On 15 August 1975, a few sacked army officers, disgruntled junior officers and NCOs secretly planned and assassinated President Sheikh Mujibur Rahman and his entire family at his personal residence in Dhanmondi, Dhaka, except for his two daughters (Sheikh Hasina and Sheikh Rehana) who were abroad studying in West Germany. Five of those responsible officers were executed in January 2010 while others are still absconding and are outside Bangladesh. After the assassination of Sheikh Mujibur Rahman, a new government, led by Khandkar Mushtaq Ahmed and supported by the coup plotters, was set in place. Khandakar Mushtaq passed the Indemnity Ordinance which provided immunity to the assassins of Sheikh Mujibur Rahman.

Three months later on 3 November 1975, several senior officers and NCOs led by Maj. Gen. Khaled Mosharraf and Colonel Shafaat Jamil led their own forces to remove Khandakar Mushtaq's government from power who they believed was an unlawful government in the first place. That same day the same group of disgruntled army personnel who assassinated Sheikh Mujib and had jailed politicians involved with the Bangladesh Liberation war, assassinated Syed Nazrul Islam, Tajuddin Ahmed, Muhammad Mansur Ali and AHM Qamaruzzaman in Dhaka Central Jail. Chief of Army Staff, Major General Ziaur Rahman was placed under house arrest.
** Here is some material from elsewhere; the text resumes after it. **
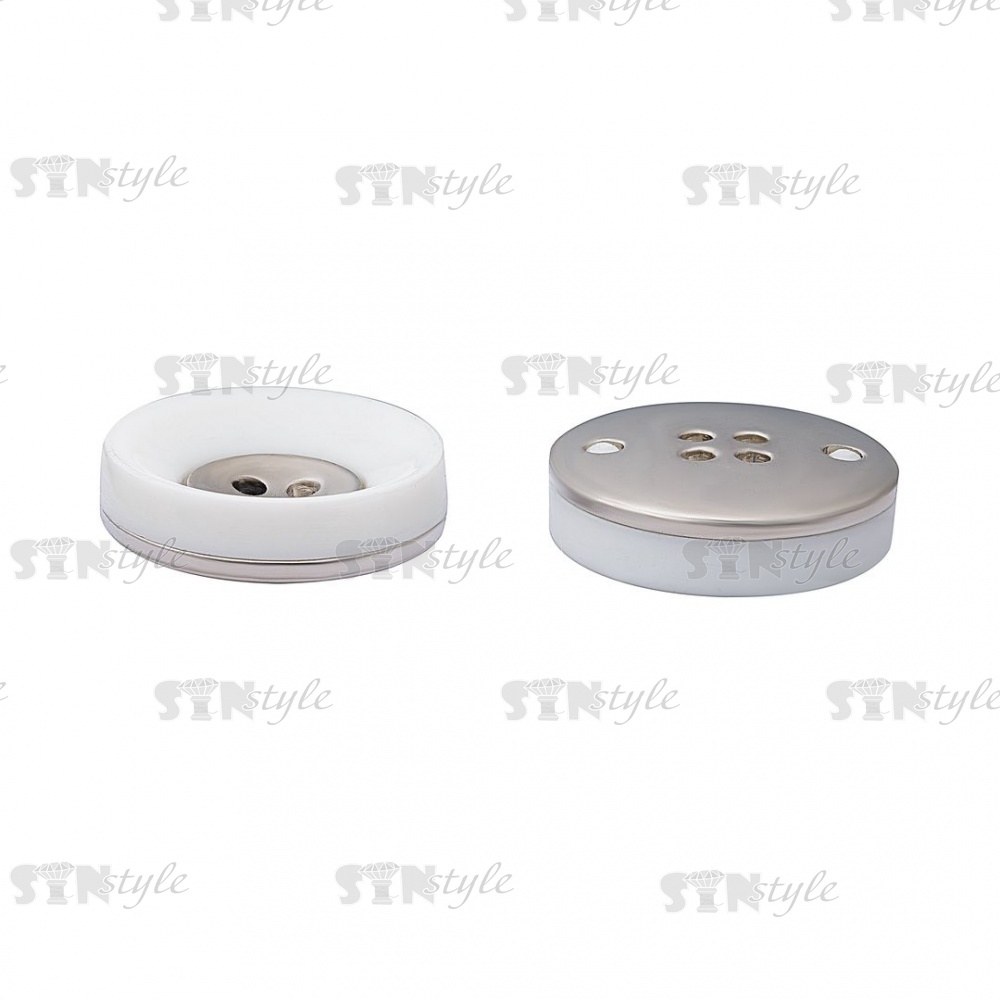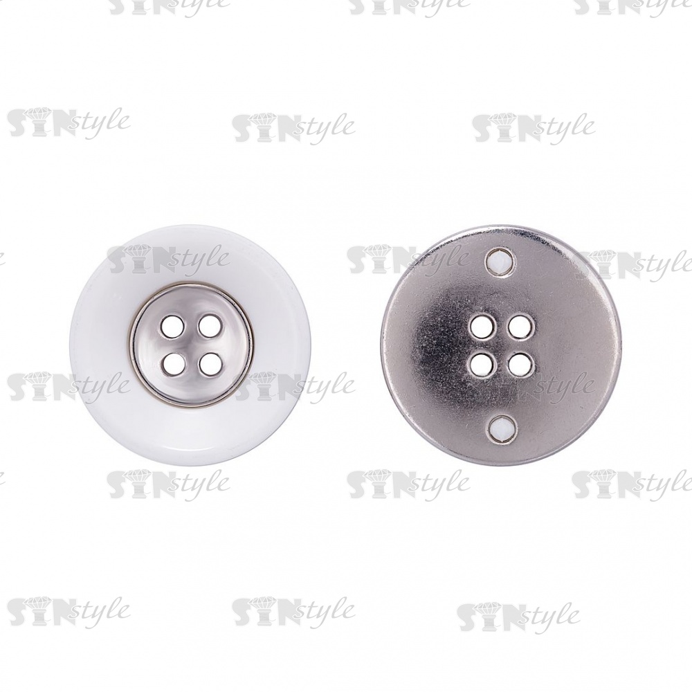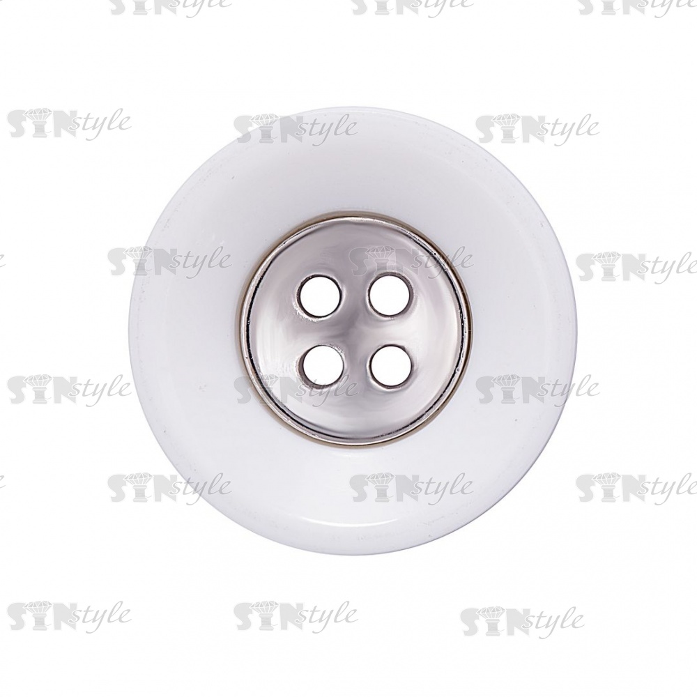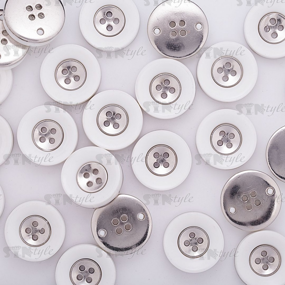 Пуговица пластиковая, на черыре прокола, белая с серебром, 40L
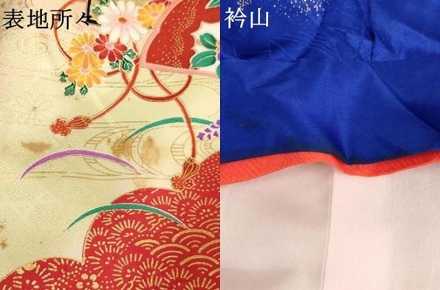 着物【正絹】の状態は接写画像のように表地・衿山に汚れがございますが

On 7 November 1975, a short but highly organised uprising concentrated only in Dhaka, formed by members of the Jatiyo Samajtantrik Dal (National Socialist Party) and members of enlisted personnel led by Lt. Col. (Retd.) Abu Taher also resulted in the killing of Several Army and Air Force Officers and soldiers including Major General Khaled Mosharraf, and Major ATM Haider. Colonel Shafaat Jamil was arrested and forcibly retired. Colonel Abu Taher released Major General Ziaur Rahman who was imprisoned by Khaled Mosharraf. Ziaur Rahman took promotion to Lieutenant General and appointed himself as the Chief of Army Staff and Deputy Chief Martial Law Administrator. He then executed Lt. Col. Abu Taher for his role in the coup on 7 November. Later, in 1977 under a public referendum of a yes no vote he took the helm as president. On 30 May 1981, President Ziaur Rahman was assassinated in the Chattogram Circuit House in a military coup.

Less than a year later, the then Chief of Army Staff Lt. Gen. Hussain Muhammad Ershad on 24 March 1982 took power in a silent coup at dawn, suspended the constitution and imposed Martial law and remained in power through farce elections and corruption. He remained in power until 6 December 1990.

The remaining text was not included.